# Bells of Hythe Southampton



## alexjdoyle

I was looking at buying a new catapult and saw a website called the bellsofhytheonline.com and I ordered one of thier dark destroyer slingshots, the owner of the shop was very presponsive in emails but as soon as I paid through PayPal I can't get in touch with him.

I just wanted to know if anyone else has had this issue with the online shop before?


----------



## pult421

I havent heard of it.


----------



## Tirador

I wouldn't worry too much. I think they are legit, but I have never got anything from them. Here is a review from lnaCg-IF13o[/MEDIA]]JoergSprave on youtube.

The domain from the end of the review seems to point to the domain you posted, so I hope they are still in business. It takes a long time for stuff to get over here from the UK.

I hope it works out for you.


----------



## oldmiser

*It is A-Ok website..I have bought from them a couple times..No issues..you will get your order in about 14 days..*

*I use the square elastics 6mm black....it takes a lot of shooting or streaching to get the elastic broke in...*

*But the stuff will last for years.. ...Oldmiser*


----------



## alexjdoyle

awesome thankyou all for your help, I was just finding it odd that he won't reply to calls or emails once my order had been put through. But fingers crossed it arrives within the 30s


----------



## oldmiser

*Oh yeah I forgot too mention He may be away...this is there slingshot tournament time of the year..Depending on the town's*

*location ..He may have driven a great distance for the event.....Just hang in there you will get your order...*

*~AKAOldmiser*


----------



## alexjdoyle

ah thankyou very much for your advice it's put my mind at ease haha I've just been messed around on previous websites before so I was a little worried. I just can't Wait to get my hands on it

cheers again 
Doyle


----------



## Poiema

If this is the company you are researching.

*Bells of Hythe Ltd*
Company No. *05681795*
9-10 New Road, Southampton, Hampshire, SO45 6BP
United Kingdom

It appears that this company's status is *dissolved*. However there is another company (*Vongo Trading Limited*) that is listed as *active* under the same surname. You may wish to read Article 2 of that company's objective. "Unrestricted." It could explain why a company that is currently listed in dissolved status can still have a website. The Nature of business (SIC) for Bells of Hythe Ltd was listed as 47640 - "Retail sales of sports goods, fishing gear, camping goods, boats and bicycles."

I would not rely solely on official-looking websites. The website you reference seems to be lacking information. *There is no footer menu.* If BofH is still legit, you should be able to find *current 2016 activity...* UK clubs, social media, independent reviews, referrals from people that you know YOU can trust. From personal experience, especially in the last couple of weeks, and IMO forums are generally NOT the best places for trustworthy product information.

Conduct your own investigation about this company and their products.

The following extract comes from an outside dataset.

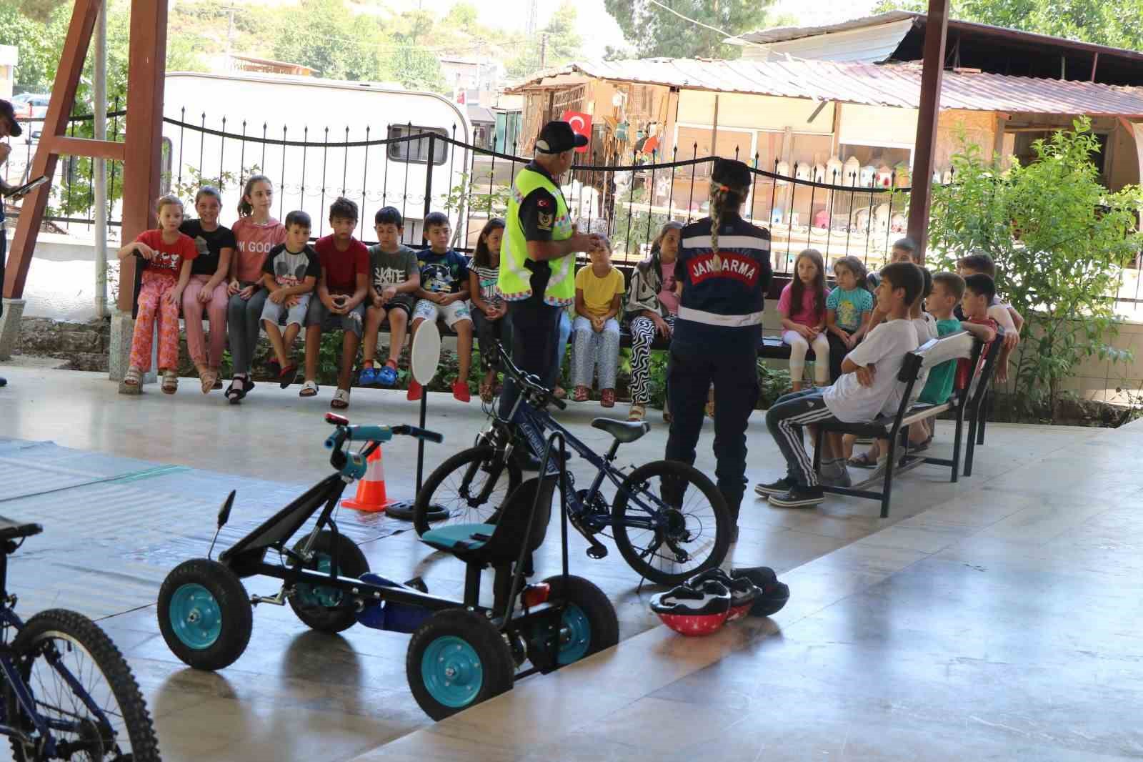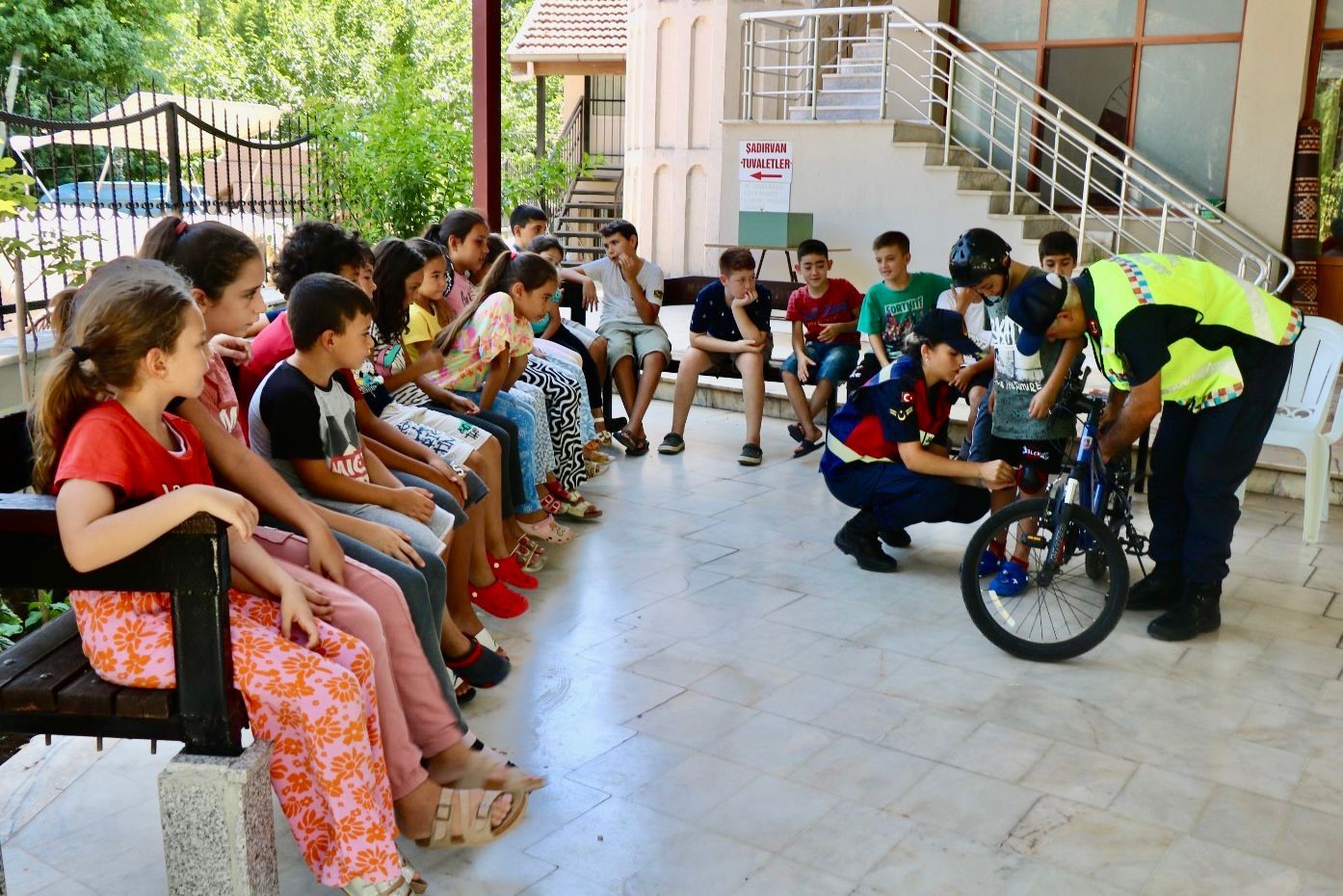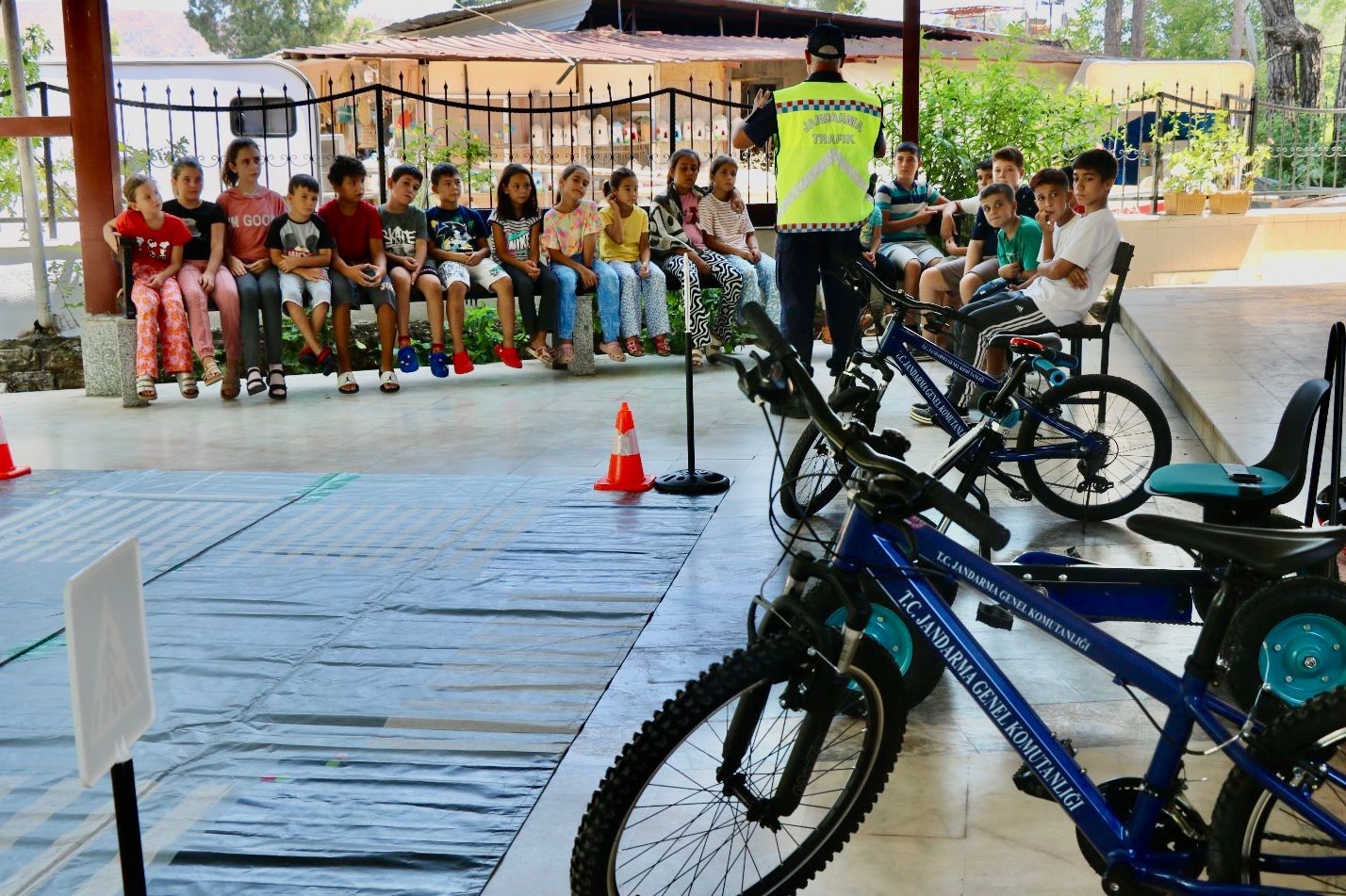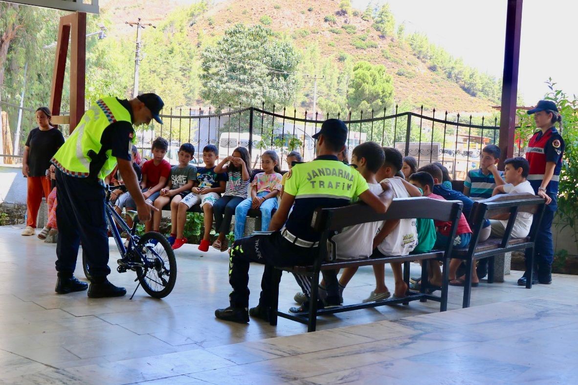 Muğla İl Jandarma Komutanlığı Trafik Şube Müdürlüğü Mobil Trafik Güvenliği Eğitim Timi tarafından 29-31 Temmuz 2024 tarihleri arasında Menteşe ilçesinin Dokuzçam, Orhaniye Kırkbirevler ve Marmaris Değirmenyanı camilerinde Kur’an kursu eğitimi gören 92 öğrenciye trafik eğitimi verildi.

I do not know anything about PayPal. However, in the US, credit card purchases are protected under the Fair Credit Billing Act. But I would not know if other countries have the same, similar, or other legal avenues to turn to for protection.

Gov-UK links that I found. *Companies-House extracts information from the Register of Companies.* Be sure to read their Disclaimer prior to any company searches. I have listed two links for you.

*Get information about a company*
https://www.gov.uk/get-information-about-a-company

*WebCheck Service*
http://wck2.companieshouse.gov.uk//wcframe?name=accessCompanyInfo

Also...
There are quite a few excellent catapult craftsmen in the UK. I would not know which to recommend. *Milbro Pro-Shot* is a family owned and run foundry in Sheffield. Notice that the footer menu on their website's Home Page is extensive. Lots of information to reassure customers that they are dealing with a legitimate business. Milbro sells vintage models as well as current trends. A good starting place I think. http://www.milbroproshotuk.com

I do hope you get the catapult you ordered.


----------